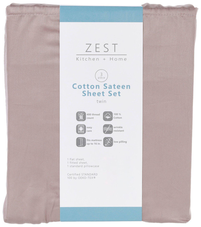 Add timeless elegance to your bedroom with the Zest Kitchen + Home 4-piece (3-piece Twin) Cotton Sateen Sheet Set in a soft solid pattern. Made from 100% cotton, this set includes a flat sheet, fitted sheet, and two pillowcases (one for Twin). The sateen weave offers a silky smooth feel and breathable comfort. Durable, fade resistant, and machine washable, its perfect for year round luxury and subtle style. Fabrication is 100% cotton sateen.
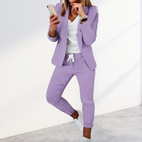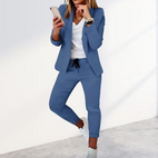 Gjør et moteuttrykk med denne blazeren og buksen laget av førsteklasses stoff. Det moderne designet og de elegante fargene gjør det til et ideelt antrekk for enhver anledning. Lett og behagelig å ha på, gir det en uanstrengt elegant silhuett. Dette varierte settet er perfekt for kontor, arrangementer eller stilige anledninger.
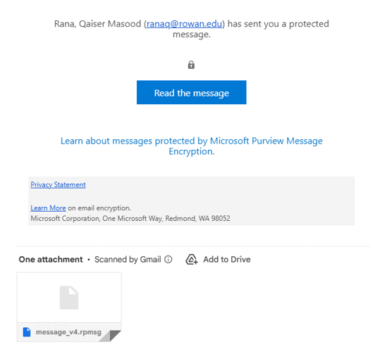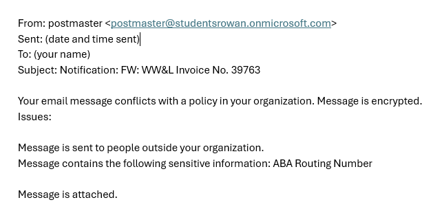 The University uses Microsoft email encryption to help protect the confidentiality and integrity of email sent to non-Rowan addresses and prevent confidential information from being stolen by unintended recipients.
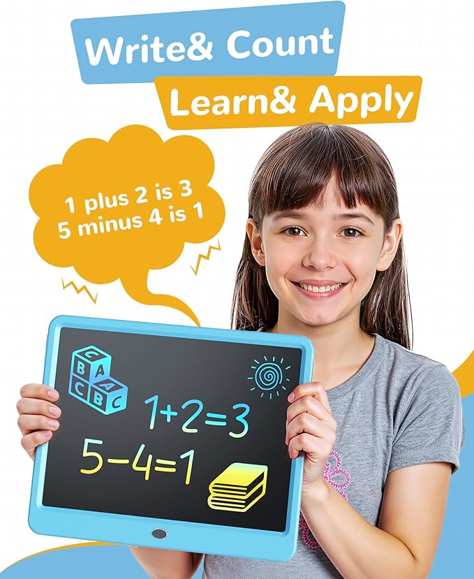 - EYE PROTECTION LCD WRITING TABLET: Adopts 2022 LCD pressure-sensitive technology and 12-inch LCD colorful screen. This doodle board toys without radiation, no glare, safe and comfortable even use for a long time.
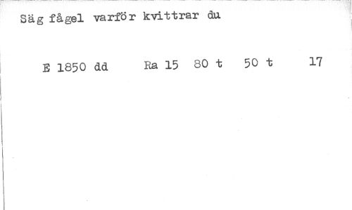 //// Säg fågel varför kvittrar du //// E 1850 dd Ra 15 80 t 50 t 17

...

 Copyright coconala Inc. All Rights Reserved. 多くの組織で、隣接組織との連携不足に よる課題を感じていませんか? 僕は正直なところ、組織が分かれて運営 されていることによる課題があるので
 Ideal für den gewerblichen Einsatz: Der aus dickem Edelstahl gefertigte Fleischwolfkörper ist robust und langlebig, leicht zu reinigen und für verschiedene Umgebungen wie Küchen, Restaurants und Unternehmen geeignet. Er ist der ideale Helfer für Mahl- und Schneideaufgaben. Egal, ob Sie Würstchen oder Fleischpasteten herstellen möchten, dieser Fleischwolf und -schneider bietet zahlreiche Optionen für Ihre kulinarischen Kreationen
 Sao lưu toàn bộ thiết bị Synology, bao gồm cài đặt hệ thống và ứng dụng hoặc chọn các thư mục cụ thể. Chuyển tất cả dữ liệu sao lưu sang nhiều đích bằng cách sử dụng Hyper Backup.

WHAT IS REQUIRED » Reproduce the records above exactly, but only from the line with "Gjør et moteuttrykk" up to and including the line with "80 t 50 t 17". Leave the pictures out.

EXERCISE RESULT »
 Gjør et moteuttrykk med denne blazeren og buksen laget av førsteklasses stoff. Det moderne designet og de elegante fargene gjør det til et ideelt antrekk for enhver anledning. Lett og behagelig å ha på, gir det en uanstrengt elegant silhuett. Dette varierte settet er perfekt for kontor, arrangementer eller stilige anledninger.
 The University uses Microsoft email encryption to help protect the confidentiality and integrity of email sent to non-Rowan addresses and prevent confidential information from being stolen by unintended recipients.
 - EYE PROTECTION LCD WRITING TABLET: Adopts 2022 LCD pressure-sensitive technology and 12-inch LCD colorful screen. This doodle board toys without radiation, no glare, safe and comfortable even use for a long time.
 //// Säg fågel varför kvittrar du //// E 1850 dd Ra 15 80 t 50 t 17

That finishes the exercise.